Collecting bits and pieces of information (which is surprisingly difficult, since the official documentation is quite bad), I've determined...
There are generally two reasons this may happen, both related to fragmentation of free space (ie, free space existing in small pieces such that a large object cannot be allocated). First, the garbage collector might not do compaction, which is to say it does not defragment the memory. Even a collector that does compaction may not do it perfectly well. Second, the garbage collector typically splits the memory area into regions that it reserves for different kinds of objects, and it may not think to take free memory from the region that has it to give to the region that needs it.
The CMS garbage collector does not do compaction, while the others (the serial, parallel, parallelold, and G1) do. The default collector in Java 8 is ParallelOld.
All garbage collectors split memory into regions, and, AFAIK, all of them are too lazy to try very hard to prevent an OOM error. The command line option -XX:+PrintGCDetails
is very helpful for some of the collectors in showing the sizes of the regions and how much free space they have.
It is possible to experiment with different garbage collectors and tuning options. Regarding my question, the G1
collector (enabled with the JVM flag -XX:+UseG1GC
) solved the issue I was having. However, this was basically down to chance (in other situations, it OOMs more quickly). Some of the collectors (the serial, cms, and G1) have extensive tuning options for selecting the sizes of the various regions, to enable you to waste time in futilely trying to solve the problem.
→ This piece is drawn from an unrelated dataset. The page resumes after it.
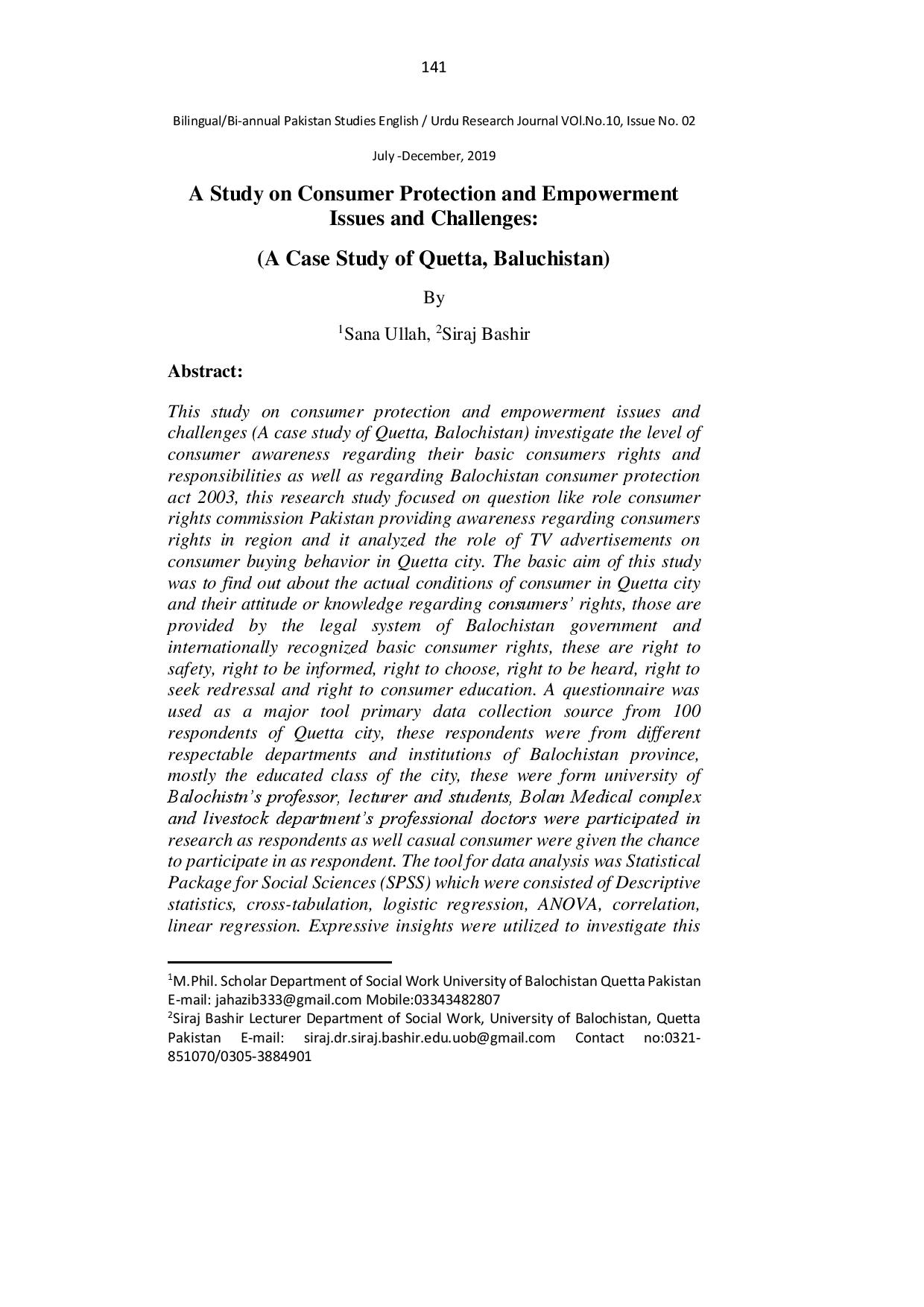 A Study on Consumer Protection and Empowerment Issues and Challenges A Case Study of Quetta Balochistan

Ultimately, the real solutions are rather unpleasant. First, is to install more RAM. Second, is to use smaller arrays. Third, is to use ByteBuffer.allocateDirect
. Direct byte buffers (and their int/float/double wrappers) are array-like objects with array-like performance that are allocated on the OS's native heap. The OS heap uses the CPU's virtual memory hardware and is free from fragmentation issues and can even effectively use the disk's swap space (allowing you to allocate more memory than available RAM). A big drawback, however, is that the JVM doesn't really know when direct buffers should be deallocated, making this option more desirable for long-lived objects. The final, possibly best, and certainly most unpleasant option is to allocate and deallocate memory natively using JNI calls, and use it in Java by wrapping it in a ByteBuffer
.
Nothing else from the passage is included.